Green light is shone onto two soap films. An observer looking down at the soap films sees that soap film X appears uniformly green while soap film Y has green and black bands. If air is the medium on either side of the soap film, the best explanation of this pattern is that:

A) film X has a thickness much less than λ and film Y has a thickness of 1/4 λ
B) film X has a thickness of 1/2 λ and film Y has a thickness of 1/4 λ
C) film X has a thickness of 1/4 λ and film Y has a thickness of 1/2 λ
D) film X has consistent thickness throughout whereas film Y has variable thickness
E) film X has variable thickness whereas film Y has consistent thickness throughout

Homework Equations


None given

The Attempt at a Solution


Because film X appears uniformly green, we know that it is of a consistent thickness. Therefore, the answer is not (E). The answer is also not (C), because it would cancel due to destructive interference.

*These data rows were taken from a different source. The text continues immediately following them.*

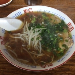 〆のラーメンでは最高に美味しいです。あっさり醤油ベース。甘く豚のコクの風味がとても良い。細ストレート、チャーシュー、もやし、ねぎ。また行きたかった。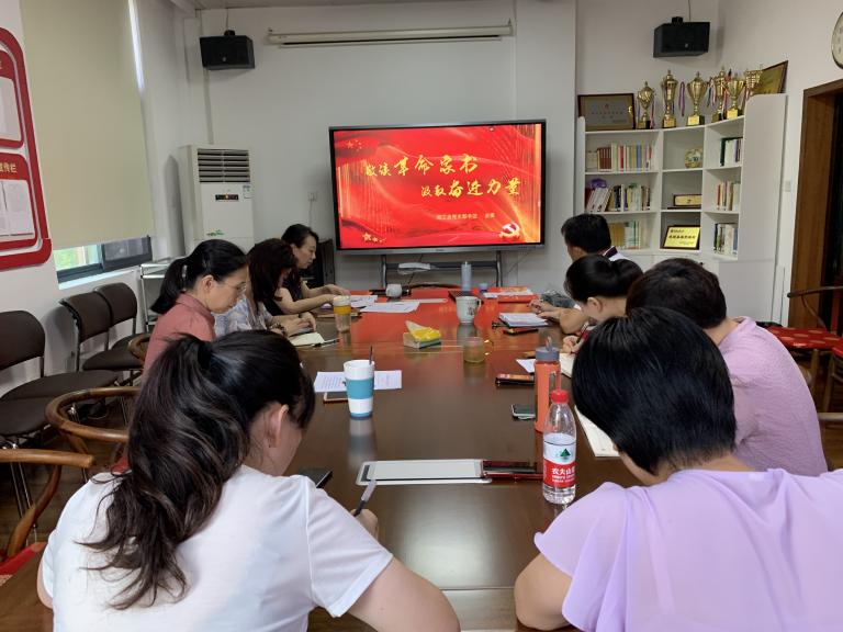 7月7日下午,WilliamHill体育党支部书记余英在工会三楼党员之家为党支部全体党员讲“敬读革命家属 汲取奋进力量”专题党课。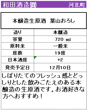 【和田酒造】本醸造生原酒 葉山おろし 720ml 販売価格 1,485円(税込み) 会員価格 (税込み) 通常価格 (税込み) 在庫 商品コード 020914 JANコード 数量 - + カートに入れる カテゴリー 清酒 メーカー 和田酒造合資会社 キャンペーン 【新酒】しぼりたて| おすすめ商品 注文年齢制限 20歳 ~ 注文手続き画面にて、生年月日を入力いただきます。 RECOMMENDEDおすすめアイテム 【和田酒造】ゆぎにごり 純米吟醸生酒ぼんだら 720ml 1,870円(税込み) 【和田酒造】純米吟醸生酒 谷地のあらばしり 720ml 1,980円(税込み) 【和田酒造】出羽の里 純米生原酒あら玉 720ml 1,650円(税込み) 【和田酒造】改良信交 純米吟醸生原酒あら玉 720ml 1,760円(税込み) 【和田酒造】出羽の里 純米吟醸原酒 あら玉限定品 720ml 1,870円(税込み) 【和田酒造】あら玉 大吟醸 月山丸 720ml 5,500円(税込み) あら玉 特別純米 本造り原酒 谷地男 720ml(箱入り) 1,870円(税込み) 和田酒造 あら玉 飲み比べセット 300ml×5本+お猪口2個付き! 4,180円(税込み) あら玉 激辛口 三年熟成本醸造原酒 鬼王丸(赤) 720ml 1,430円(税込み) あら玉 1999年醸造 特別純米 玉彦 720ml 3,465円(税込み) 改良信交 純米大吟醸 あら玉 720ml 3,245円(税込み) 改良信交 特別純米 あら玉 720ml 1,430円(税込み) あら玉 超辛口 純米酒 鬼王丸(青)720ml 1,320円(税込み) 山形酒通のおすすめ お歳暮-感謝の気持ちを- 【新酒】しぼりたて 数量限定商品 おすすめ商品 居酒屋気分ワンカップ 【特設】ご愛飲感謝キャンペーン 産直 厳選グルメ特集 パインサイダー 県内飲料 雑貨 お中元-感謝の気持ちを- ご注文方法 送料・配送について お支払い方法 返金について 特定商取引に基づく表記 お問い合わせ 運営会社のご紹介

I'm leaning towards either (B) or (D), but I would like clarification on (A)... I don't understand what "much less than λ" means in the context of the question.
It is the phase difference between the directly reflected light wave and the one reflected from the back surface of the film, that determines if the interference is constructive or destructive. The phase can change π or zero at the interfaces and it changes by (4π/λ)d inside the film, where λ is the wavelength in the film material, and d is the film thickness. If d << λ this phase change is negligible and the interference is determined by the phase changes at the boundaries.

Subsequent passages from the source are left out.